Evocar Sá Carneiro, prodígio da política
Francisco Manuel Lumbrales de Sá Carneiro, de seu nome completo, morreu a 4 de Dezembro, há 40 anos, em desastre aéreo com um "Cessna" nas imediações de Camarate.
Tenho, para mim, que se tratou de um acidente e não atentado. Mesmo nesta hipótese, pouco plausível, a esquerda não foi, certamente, porque, passados todos estes anos, já estaria incriminada.
Sá Carneiro foi um prodígio da política, quer antes, quer depois do 25 de Abril.

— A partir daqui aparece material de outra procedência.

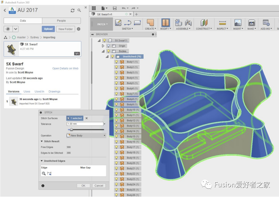 • 17.134 Fusion360技能134:如何缝合和验证实体

Através do António Patrício Gouveia, meu grande amigo pessoal, convidou-me para fundar o "Povo Livre", órgão oficial do então PPD, hoje PSD, e para director. Estando na tropa, achei que a minha condição de militar era incompatível com a direcção do jornal e, depois de o ter fundado, fiquei como Chefe de Redacção.
Ainda me recordo de ter ido ao COPCON entrevistar Otelo Saraiva de Carvalho - o "Povo Livre" era na altura dirigido por Rui Machete, que sucedeu a Manuel Alegria, o primeiro director. O título que pus na entrevista, em manchete - Haverá eleições livres - foi certeiro, porque houve mesmo eleições, se bem que uma ala do MFA não as quisesse.

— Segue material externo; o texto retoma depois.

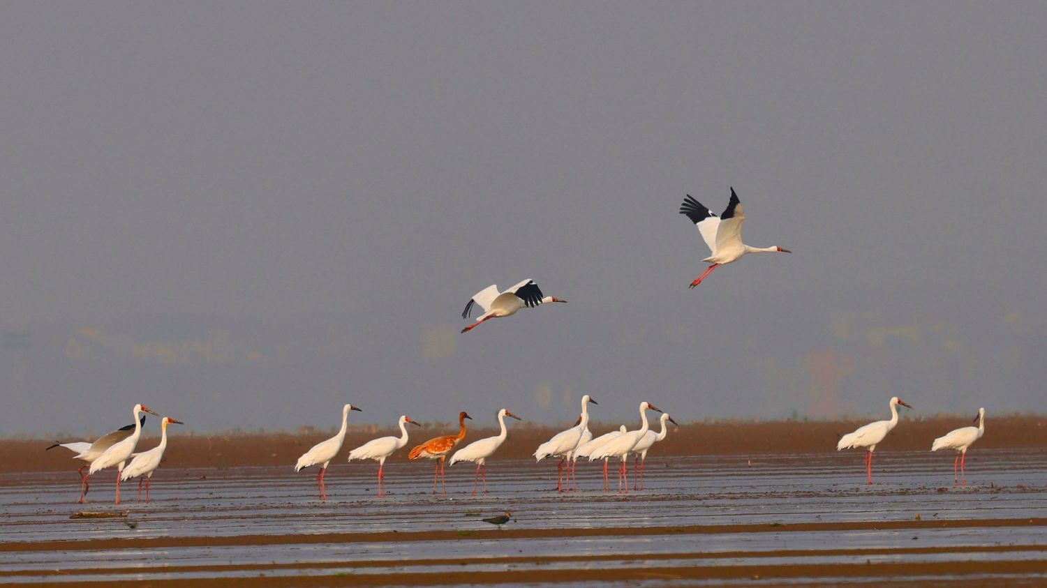 首批43只越冬白鹤飞抵江西鄱阳湖自然保护区

O papel de Sá Carneiro na Ala Liberal, juntamente com Mota Amaral, Balsemão e outros, foi enorme contributo para a queda do antigo regime, que combateu por dentro, enquanto outros o fizeram por fora. Como advogado, natural do Porto, a cidade que o viu nascer, chegou a defender comunistas e tinha uma coluna no Expresso, fundado em 1973, um ano antes do 25 de Abril.
Considerava-se um social-democrata convicto, reformista, de centro-esquerda, a matriz política que imprimiu ao PPD, quando o fundou em 6 de Maio de 1974, com Balsemão e Magalhães Mota.

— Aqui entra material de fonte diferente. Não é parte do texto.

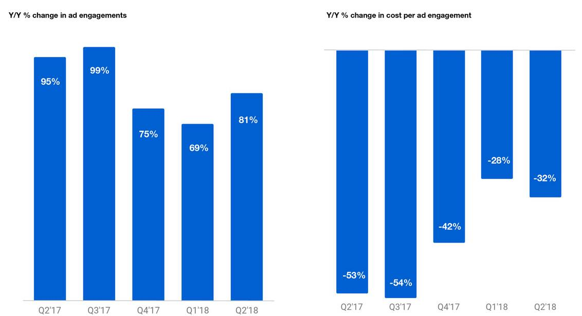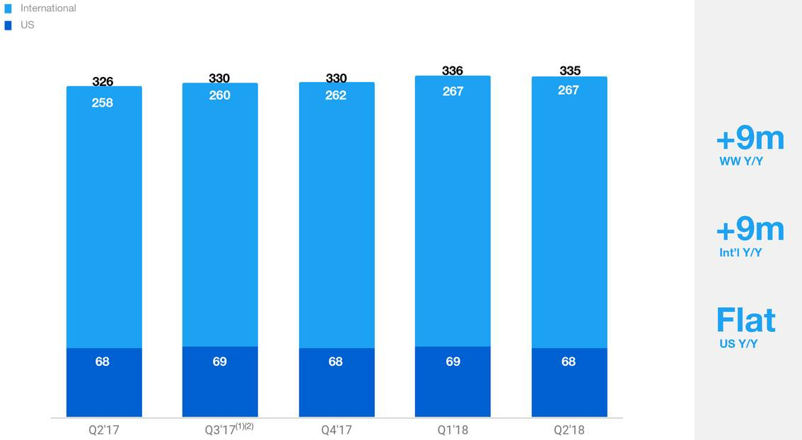 作为社交平台的最核心指标,公司Q2月活远不及预期,盘前大跌16%;季度平台月活(MAU)为3.35亿,低于市场预期3.39亿,同时也低于上一季度的3.36亿,是公司自17年Q2以来出现的首次下滑。按地区分布,美国地区月活同比持平,均为6800万,但相比上一季度的6900万有所下滑;国际地区Q2月活为2.67亿,比去年同期高900万,环比增加500万。

Na oposição aos primeiros Governos socialistas, costumava dizer que Portugal era um país provisório e sucessivamente adiado. Posteriormente, na Aliança Democrática(AD), foi primeiro-ministro, tendo como vice Freitas do Amaral, do CDS, também já falecido. Dizia, sempre, que primeiro era português, em segundo democrata e só por último social-democrata. Seria com este lema que enfatizou a sua governação.
Sá Carneiro, Mário Soares, Álvaro Cunhal e Freitas do Amaral, fundadores da nossa democracia, eram grandes senhores da política e a época inicial em que viveram é considerada, por muitos, como os anos de ouro do regime de Abril.
O ideário social-democrata de Sá Carneiro foi, infelizmente, desvirtuado no PSD, a partir de Cavaco Silva. O partido teve uma deriva direitista, com tiques de extrema-direita, razão pela qual me afastei dele. Ou melhor, foi o PSD que se afastou de mim. Quem é genuinamente social-democrata, como sempre me intitulei, vota hoje PS! O legado de Sá Carneiro revê-se melhor em António Costa do que em Rui Rio. Quem ocupa o espaço da social-democracia são os socialistas. Mas Francisco de Sá Carneiro perdura para sempre na minha memória. Dele, nunca me afastei!